• _INSTRUCTIONS TO FOLLOW_
Skip the pictures, please, and write out exactly the lines from the opening of the data through the line containing "Бусины из каучука".

Top of GIVEN ENTRIES

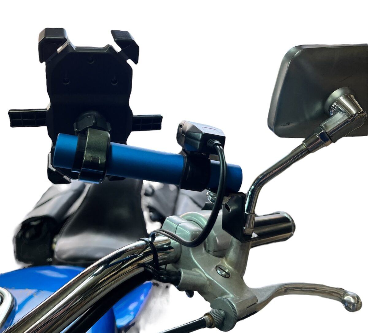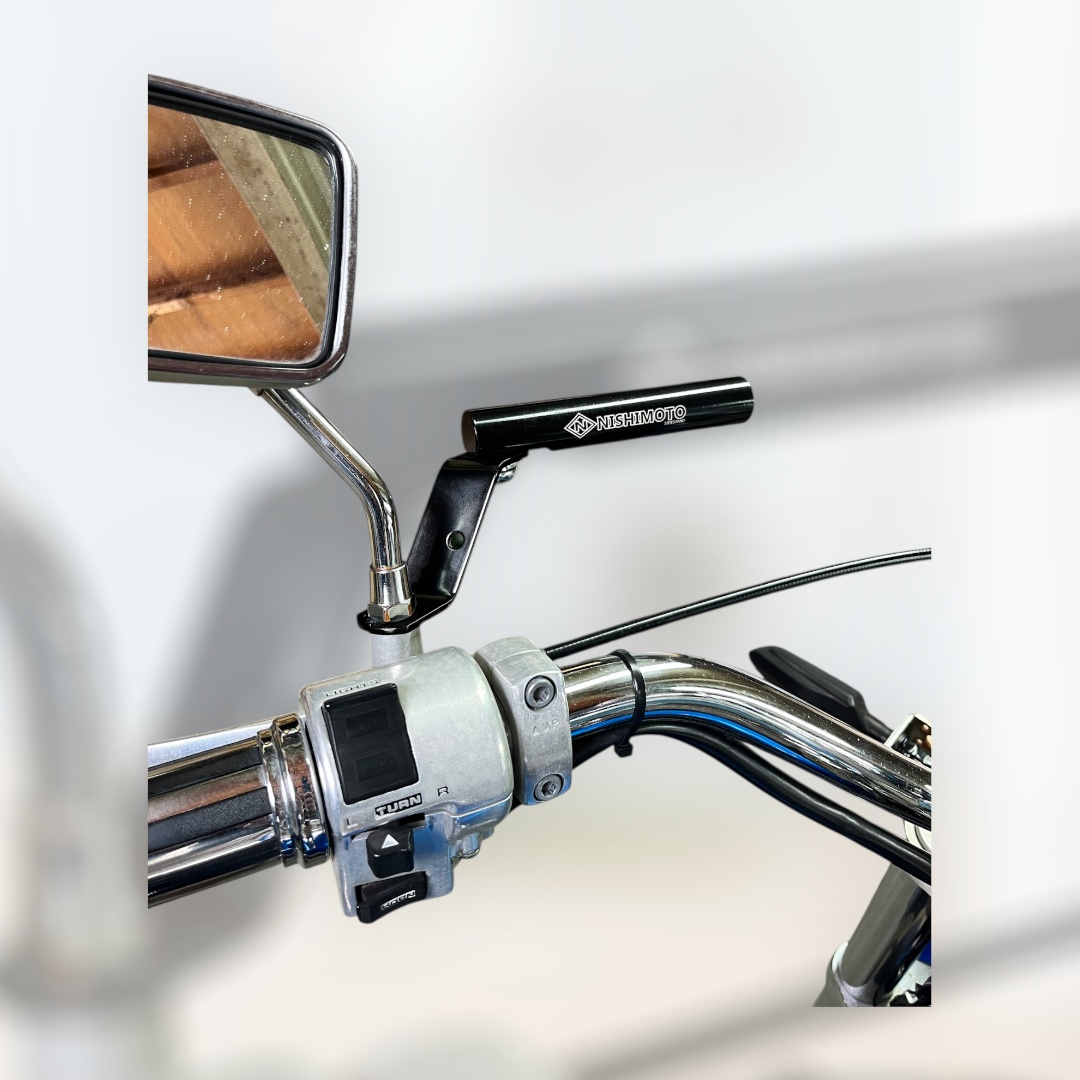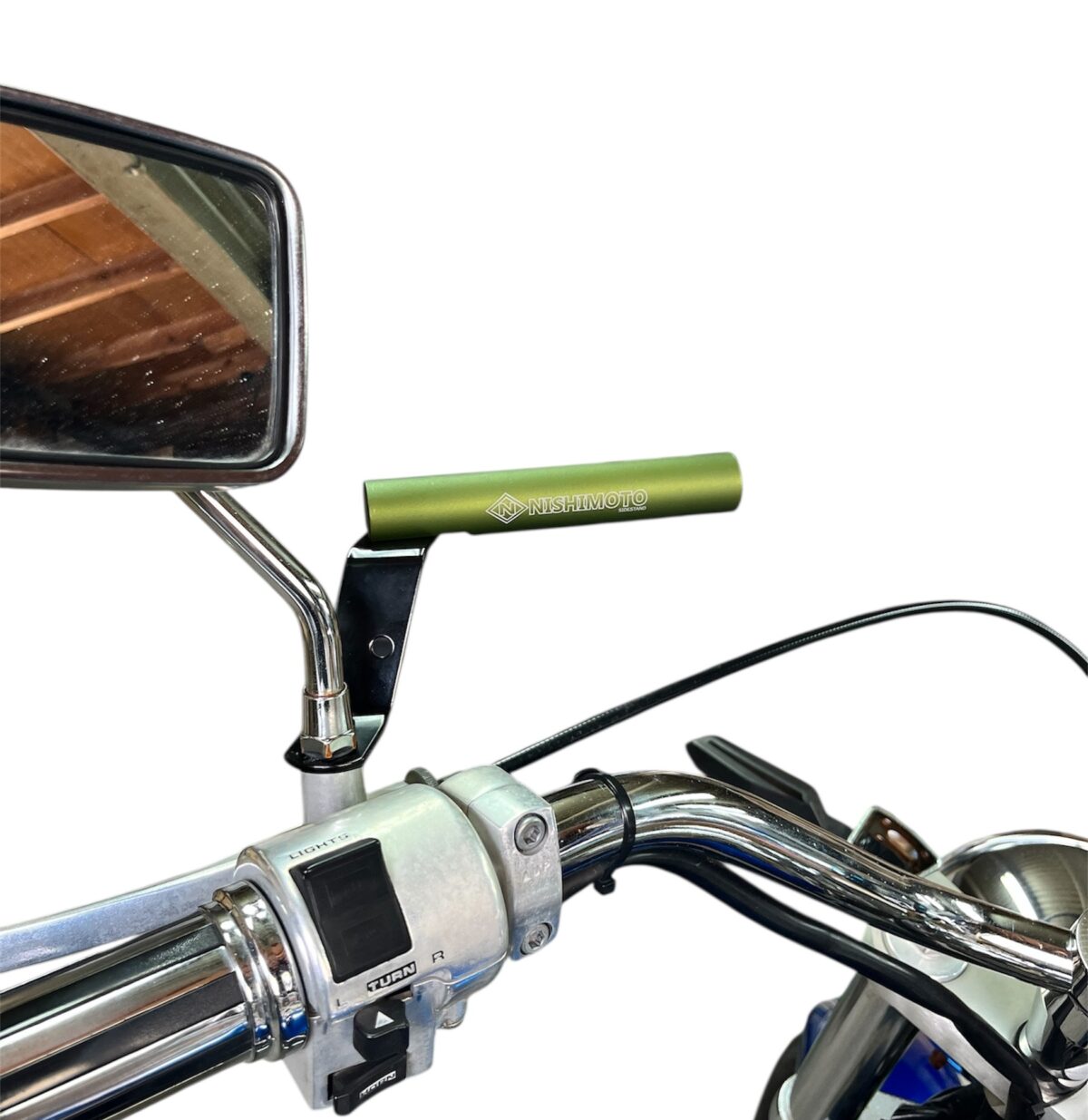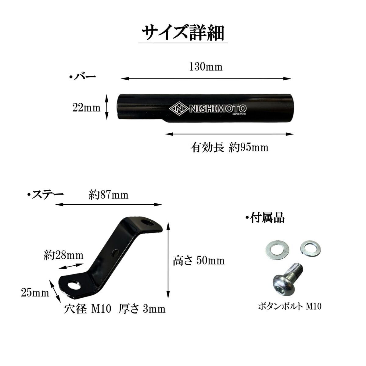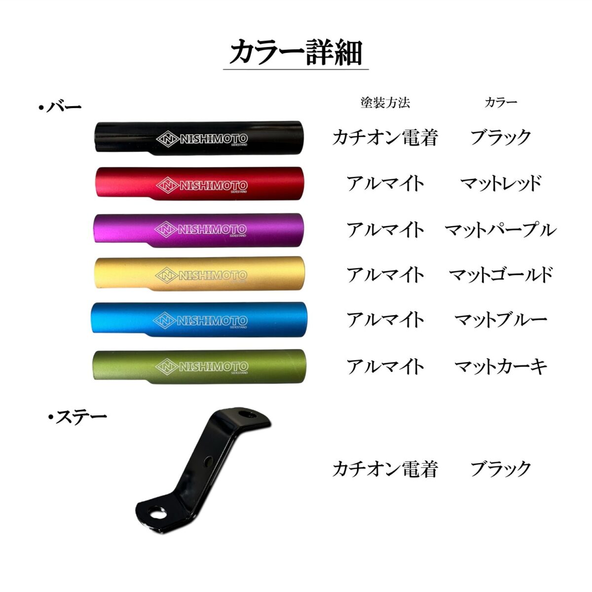 同製品は、スマホホルダーやUSBポートなどの装着を想定し、有効長95mmのバーを採用した。また、耐久性の高いステンレス製ステーに加え、8mm・10mmのミラーネジに対応し、ネジ調整式で自在に角度調整が可能だ。カラーは6色展開で、取付も簡単なため初心者でも安心である。
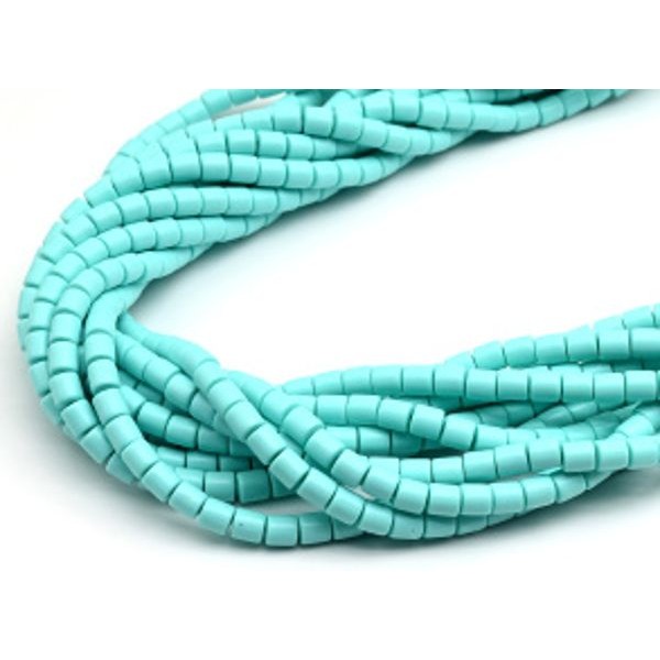 Бусины из каучука цилиндр 6*6мм, цвет бирюзовый светлый, 40см, 63 бусины (иск.)
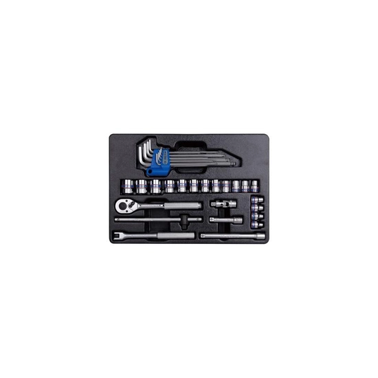 ZESTAW NASADEK 3/8" 31cz. KRÓTKIE 6-kąt. 6 - 22mm Z AKCESORIAMI + ZESTAW IMBUSÓW 1.5 - 10mm, WKŁAD DO WÓZKA 9-93523MR King Tony
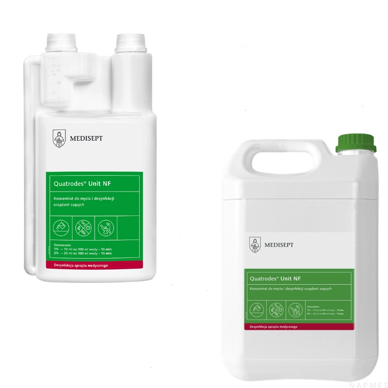 Quatrodes Unit to produkt wysokiej klasy przeznaczony zarówno do mycia jak i dezynfekcji systemów ssących, separatorów amalgamatu oraz misek unitu stomatologicznego. Jeśli produkt jest stosowany regularnie, zapobiega powstawaniu biofilmu. Quatrodes nie pieni się oraz może być używany do dezynfekcji wanien z hydromasażem. Wyrób przeznaczony jest do użytku profesjonalnego.
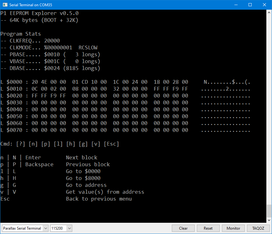 I've participated in a couple of forum threads having to do with the P1 EEPROM, and my current work project uses the upper EE for data. I often knock together little utilities for myself, but none for the EE that I'd release. Given the complexity of my work project and the needs of the community, I made this little explorer.
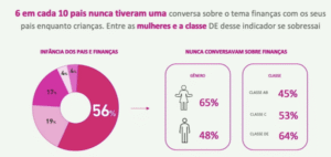 Mesmo nunca tendo conversado sobre dinheiro na infância, 8 em cada 10 pais dizem que falam com seus filhos sobre dinheiro e que o assunto é introduzido, principalmente, quando é necessário dizer ao filho que não é possível comprar algo porque é muito caro.
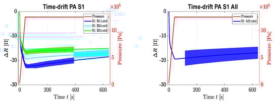 During the time drift test, sensor one of each board was exposed to a force that increased from 0 to 125 N (0–1.25 MPa) with a compression rate of 3 N/s (30 KPa/s). Afterward, the force was kept constant at 125 N over a period of 600 s. The change of resistance in the function of time is illustrated in Figure 7, along with the combined time drift data of sensor one for all boards combined. Around 13% of the change of resistance (ΔR [Ω] vs. s) for 600 s was reported. No longer time duration was needed due to the demand of our application.
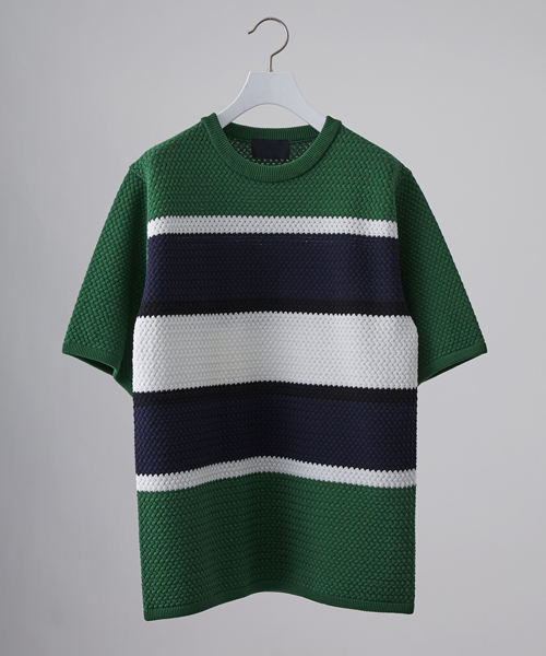 ■STUDIOUS HIGH■ 上質な素材と品のあるモードデザインに拘った、ファッションを楽しむ大人の男性に向けたスタイルを提案。 【Fabric】 撚りを強めにかけた綿100%の強撚糸を使用。 度詰めに編みたて型崩れしにくいのもポイント。 強撚にすることで夏らしく清涼感のあるシャリ感を出しております。 凹凸感が特徴的なバスケット編みを採用し、ニットならではの立体感を表現。 【Design】 ややゆったりめのリラクシングなシルエット。 ランダムピッチのボーダー柄をデザインに落としこみ、他と差の付く1着に仕上げております。

Bottom of GIVEN ENTRIES

• _ANSWER_
 同製品は、スマホホルダーやUSBポートなどの装着を想定し、有効長95mmのバーを採用した。また、耐久性の高いステンレス製ステーに加え、8mm・10mmのミラーネジに対応し、ネジ調整式で自在に角度調整が可能だ。カラーは6色展開で、取付も簡単なため初心者でも安心である。
 Бусины из каучука цилиндр 6*6мм, цвет бирюзовый светлый, 40см, 63 бусины (иск.)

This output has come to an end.